On the basis of this evidence we conclude (a) that roughly 40% of players were ‘resilient cooperators’ who persistently behaved as conditional cooperators even at substantial cost to themselves; and (b) the remainder were ‘rational’ in that they cooperated only inasmuch as they believed it was in their selfish best interest to do so. We also confirm this behavioural classification of resilient cooperators with self-reported evidence from an exit survey conducted at the completion of the experiment; of the 94 subjects who completed the entire experiment, 38 reported that they had intentionally cooperated as long as their partner did, and had resisted the temptation to defect first. Moreover, they reported that they had maintained this strategy throughout the experiment even after perceiving others to have behaved selfishly (see ‘Methods’ section for more details of self-reported strategies). Importantly we found that 33 of the individuals whom we identified as conditional cooperators in this manner were also among the 36 individuals in the right-hand mode of Fig. 4b, indicating extremely high agreement between quantitative and qualitative classification schemes (see Supplementary Fig. 7 for additional analysis of resilient cooperators by gender and age, and Supplementary Fig. 8 for analysis by experience).
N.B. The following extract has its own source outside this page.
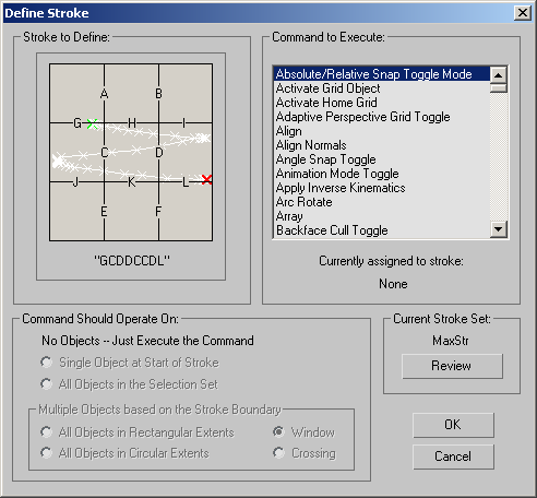 The Command Should Operate On group of options is important. If the command applies to selections, leave this option set to Single Object At Start Of Stroke, or change it to All Objects In The Selection Set. However, if the command doesn't apply to selections, such as Orbit or Activate Grid Object, change it to No Objects -- Just Execute The Command.
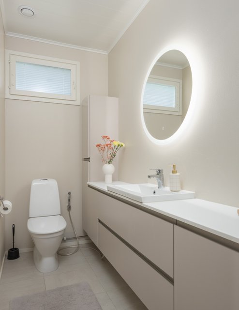 Talossa on neljä makuuhuonetta. Kaksi kylpyhuonetta, joista toisessa on sauna, tuovat arkeen joustoa. Lisäksi erillinen wc lisää toimivuutta. Kodinhoitohuoneesta on oma uloskäynti.

Resilient cooperators permanently stabilize cooperation
The existence of resilient cooperators in turn suggests an explanation for the observed slowdown in unravelling: as the rational players learned the true fraction of conditional cooperators in the population, they converged on a ‘partially unravelled’ state that balanced the risk of exploitation by other rational players with the potential gains from cooperation with CC players. If correct, this explanation would also suggest that the observed slowdown was permanent and that cooperation levels by the end of the experiment were close to their asymptotic limit. To test these related hypotheses we simulated an agent-based model comprising two types of agents: resilient cooperators who unconditionally play CC for the entire duration; and ‘rational’ players who continually update their beliefs about the distribution of player types in the population and then choose among available threshold strategies Tx so as to maximize their expected payoff given their beliefs. Specifically, in each game the rational players: (a) form beliefs about the strategies being played by other agents based on their past opponents’ play; (b) conditional on these beliefs, calculate their expected utility for each available strategy; and (c) stochastically update their current strategy in proportion to each potential strategy’s expected utility (see ‘Methods’ section for details). By systematically varying the fraction α of resilient cooperators we can explore their impact on unravelling.
Figures 5a,b show the results of the simulation for α=0 and α=0.4, respectively, for N=100 agents. In the absence of resilient cooperators (Fig. 5a), rational players exhibit exactly the unravelling predicted by the rational cooperation hypothesis1,2,10,31: over the course of 400 games, players unravel almost uniformly through T10 all the way down to T1, albeit progressively more slowly for lower thresholds. In contrast, when 40% of players are resilient cooperators (Fig. 5b), corresponding to what we observed in our experiment, unravelling is curtailed, with T9 emerging as the modal strategy and significant fractions occupying T10 and T8. Encouragingly Fig. 5b bears a close resemblance to Fig. 4a, suggesting that in fact the entire distribution of steady-state strategies of agents in the simulation is similar to that for our experimental subjects.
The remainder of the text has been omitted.